Private Catholic high school in Montreal, Quebec, Canada

Villa Maria is a subsidized private Catholic co-educational high school located in the Notre-Dame-de-Grâce neighbourhood of Montreal, Quebec, Canada, offering both francophone and anglophone streams. Founded in 1854 as a boarding school for girls, it stopped boarding students in 1966 and opened, in August 2016, to boys in the seventh grade. Today, there are roughly 950 students in the French sector and 800 students in the English sector with an average class size of 34 students. Tuition, as of the 2024–2025 school year, is $4,900 with $2,330 in extra mandatory fees. It ranked among the top 50 best high schools in Montreal, and is one of the largest private high schools on the Island.

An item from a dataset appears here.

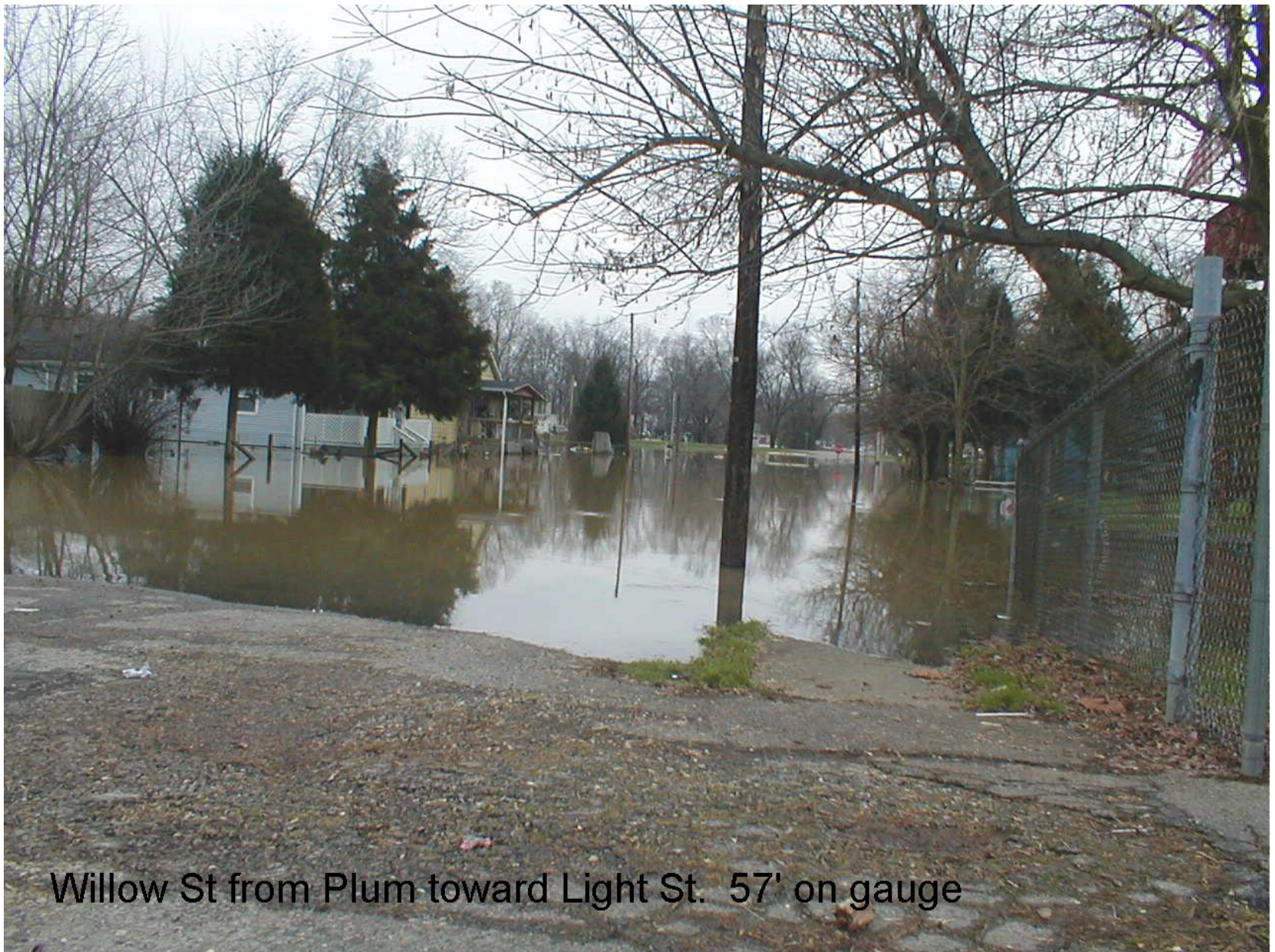
Willow St from Plum toward Light St. 57' on gauge

The central part of the Villa Maria school is known as the Monklands Mansion and was the home of the governor general of Canada from 1844 to 1849. It is a National Historic Site of Canada. In 2023, the Congregation of Notre Dame of Montreal announced that the estate on which the school lies will be sold off, leaving the future of the school uncertain. The current lease ends in 2030, and the Congregation intends to put the land up for sale the following year. The Congregation cited the declining number of nuns as one of the reasons behind its decision to sell. While Villa Maria would like to purchase the real estate, negotiations have not been successful.

==Monklands==
In 1795, James Monk, Chief Justice of Lower Canada, purchased an estate in Montreal that had previously belonged to the Décarie family. The first Monk residence, built in 1803, was the central section of the present-day Villa Maria.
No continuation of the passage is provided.